== AVAILABLE DATA ==
● ● ● ● ● ● ●
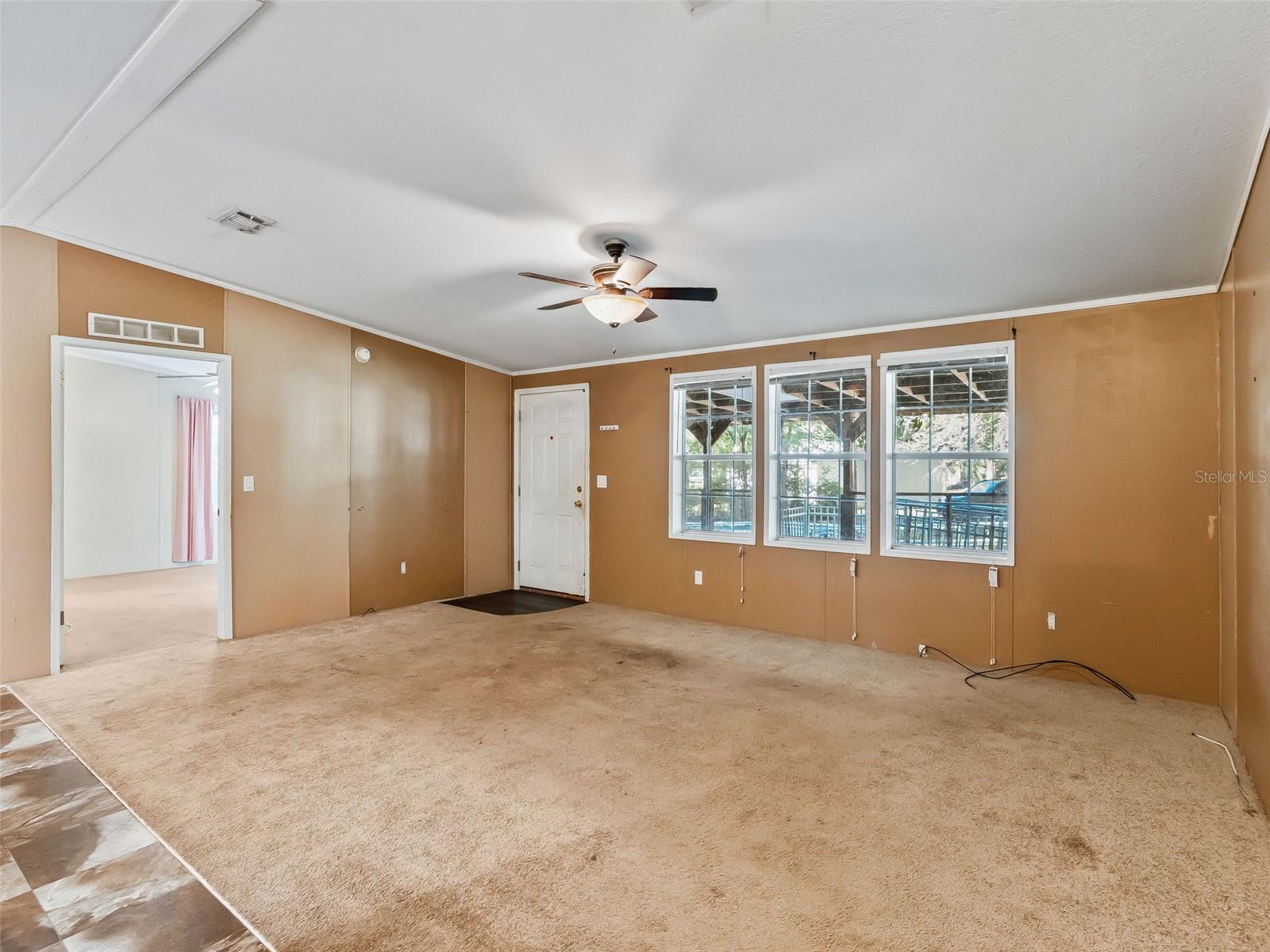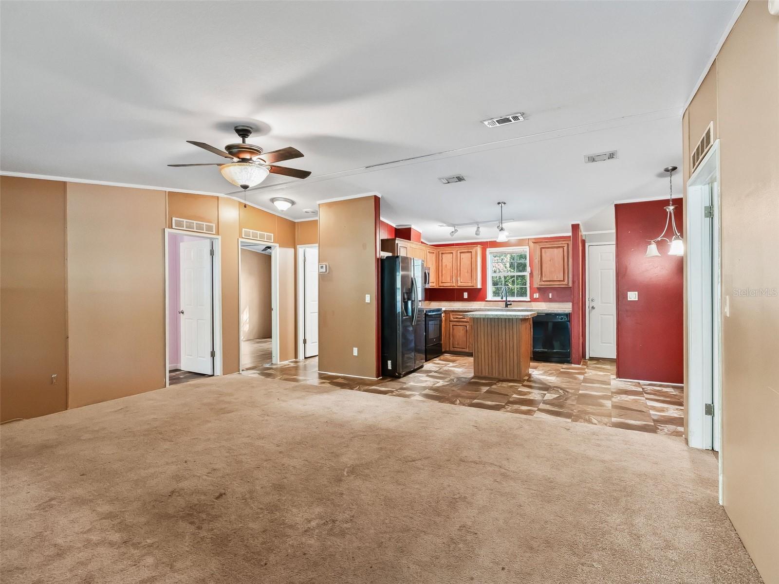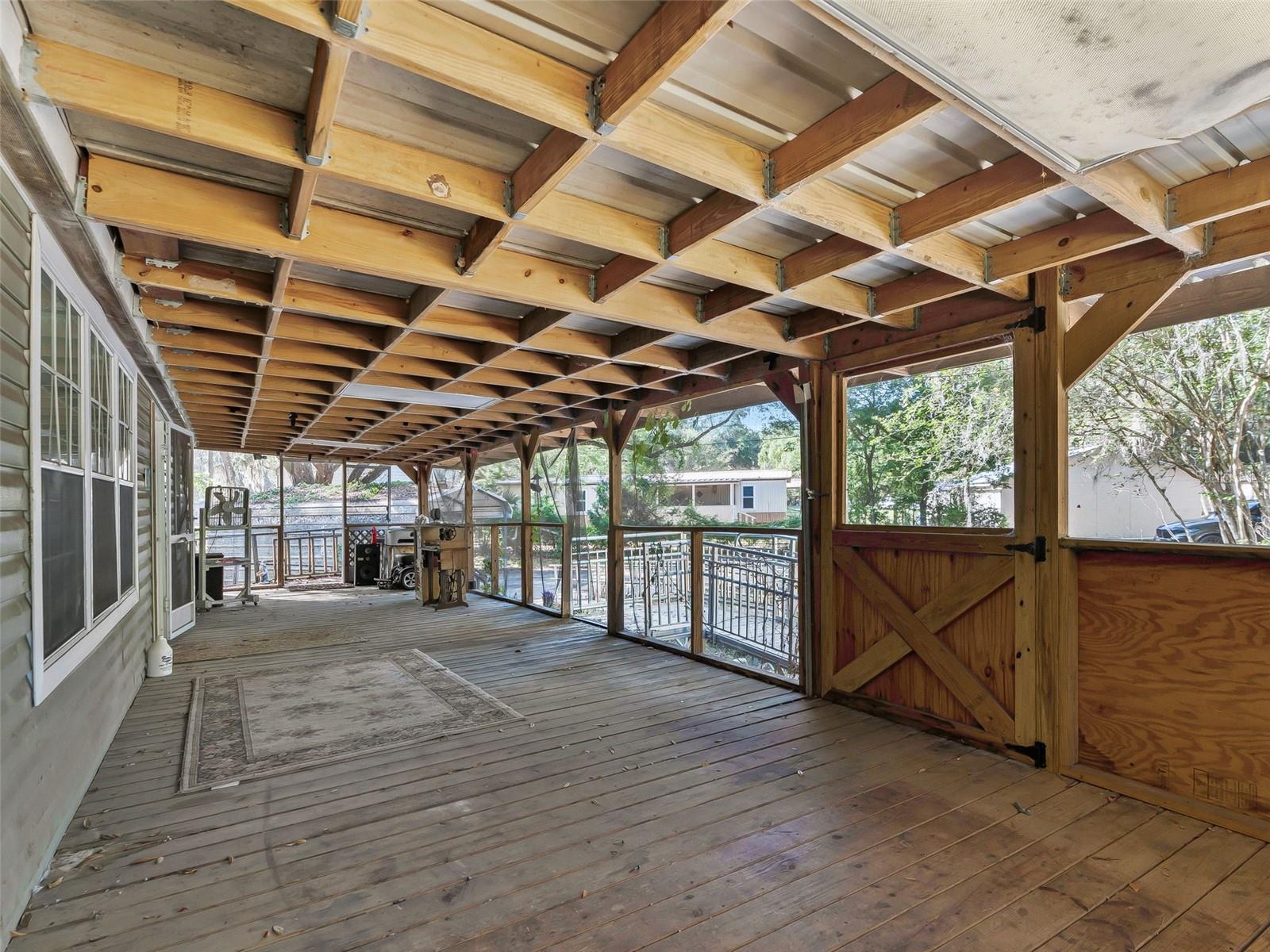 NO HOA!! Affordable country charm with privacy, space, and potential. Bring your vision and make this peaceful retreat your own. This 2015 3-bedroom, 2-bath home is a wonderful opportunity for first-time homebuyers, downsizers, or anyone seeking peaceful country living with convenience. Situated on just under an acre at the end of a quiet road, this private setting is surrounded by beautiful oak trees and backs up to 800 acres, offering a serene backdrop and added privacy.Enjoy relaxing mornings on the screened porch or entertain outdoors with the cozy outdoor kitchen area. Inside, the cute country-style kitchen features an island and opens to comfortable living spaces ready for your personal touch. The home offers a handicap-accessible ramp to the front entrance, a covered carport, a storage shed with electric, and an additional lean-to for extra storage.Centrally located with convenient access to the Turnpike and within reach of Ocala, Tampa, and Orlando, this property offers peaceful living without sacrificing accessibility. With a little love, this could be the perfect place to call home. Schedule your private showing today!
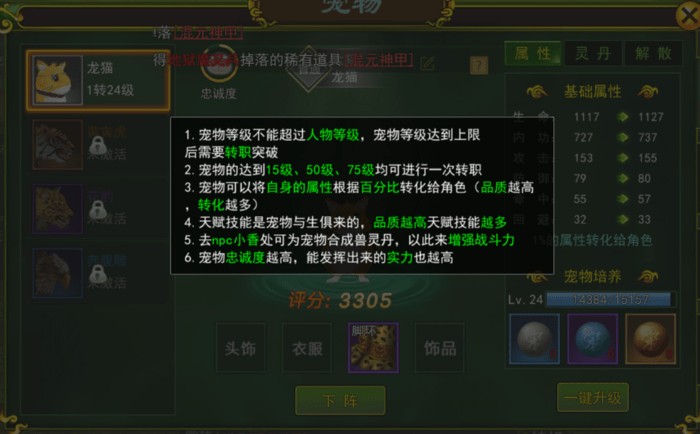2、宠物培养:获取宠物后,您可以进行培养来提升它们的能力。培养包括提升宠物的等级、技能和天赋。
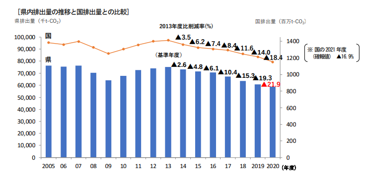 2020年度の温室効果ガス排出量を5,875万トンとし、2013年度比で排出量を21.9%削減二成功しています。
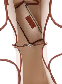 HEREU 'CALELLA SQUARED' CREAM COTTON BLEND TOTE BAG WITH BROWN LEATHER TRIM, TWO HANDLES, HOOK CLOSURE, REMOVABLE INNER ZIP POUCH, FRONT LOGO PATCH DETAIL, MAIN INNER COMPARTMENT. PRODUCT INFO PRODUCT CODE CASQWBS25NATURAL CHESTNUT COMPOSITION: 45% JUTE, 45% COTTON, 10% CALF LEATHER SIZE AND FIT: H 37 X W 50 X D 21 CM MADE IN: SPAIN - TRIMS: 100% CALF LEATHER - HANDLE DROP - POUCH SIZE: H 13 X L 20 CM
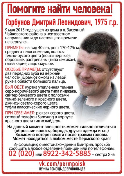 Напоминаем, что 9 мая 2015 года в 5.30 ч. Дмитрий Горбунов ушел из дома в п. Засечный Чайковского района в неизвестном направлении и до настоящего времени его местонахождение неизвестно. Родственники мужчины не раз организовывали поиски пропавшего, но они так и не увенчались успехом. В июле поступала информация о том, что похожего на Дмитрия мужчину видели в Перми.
● ● ● ● ● ● ●
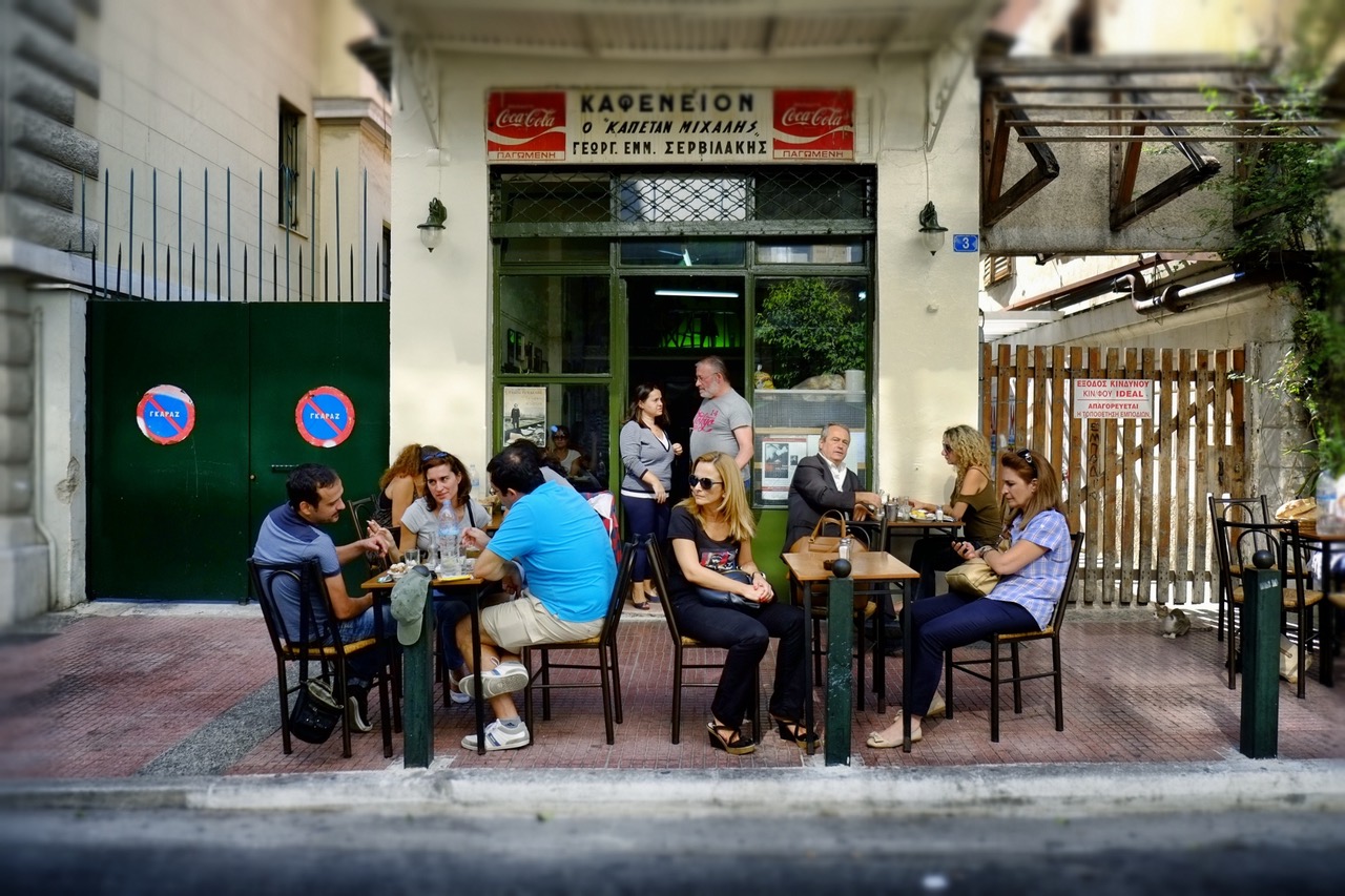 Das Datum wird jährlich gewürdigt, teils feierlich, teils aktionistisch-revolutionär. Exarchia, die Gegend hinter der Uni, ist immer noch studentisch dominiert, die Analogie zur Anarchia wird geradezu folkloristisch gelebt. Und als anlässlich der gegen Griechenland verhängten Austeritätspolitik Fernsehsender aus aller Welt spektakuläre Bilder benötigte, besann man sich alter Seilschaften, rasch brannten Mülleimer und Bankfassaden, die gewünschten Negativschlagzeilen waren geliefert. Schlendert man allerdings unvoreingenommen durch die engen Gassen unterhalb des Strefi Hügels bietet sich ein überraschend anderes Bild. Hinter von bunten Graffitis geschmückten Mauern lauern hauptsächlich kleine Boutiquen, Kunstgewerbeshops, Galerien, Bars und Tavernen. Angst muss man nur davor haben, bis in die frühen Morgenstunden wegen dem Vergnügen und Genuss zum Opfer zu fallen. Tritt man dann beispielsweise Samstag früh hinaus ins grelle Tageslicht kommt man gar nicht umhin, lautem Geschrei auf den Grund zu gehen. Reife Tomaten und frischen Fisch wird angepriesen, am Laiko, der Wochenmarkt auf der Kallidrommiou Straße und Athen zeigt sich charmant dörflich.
● ● ● ● ● ● ●
== TASK DIRECTIONS ==
Only one stretch of the material above is wanted: the line containing "2、宠物培养:获取宠物后,您" through the line containing "HEREU 'CALELLA SQUARED'". Restate it word for word, minus the pictures.

== EXERCISE OUTPUT ==
2、宠物培养:获取宠物后,您可以进行培养来提升它们的能力。培养包括提升宠物的等级、技能和天赋。
 2020年度の温室効果ガス排出量を5,875万トンとし、2013年度比で排出量を21.9%削減二成功しています。
 HEREU 'CALELLA SQUARED' CREAM COTTON BLEND TOTE BAG WITH BROWN LEATHER TRIM, TWO HANDLES, HOOK CLOSURE, REMOVABLE INNER ZIP POUCH, FRONT LOGO PATCH DETAIL, MAIN INNER COMPARTMENT. PRODUCT INFO PRODUCT CODE CASQWBS25NATURAL CHESTNUT COMPOSITION: 45% JUTE, 45% COTTON, 10% CALF LEATHER SIZE AND FIT: H 37 X W 50 X D 21 CM MADE IN: SPAIN - TRIMS: 100% CALF LEATHER - HANDLE DROP - POUCH SIZE: H 13 X L 20 CM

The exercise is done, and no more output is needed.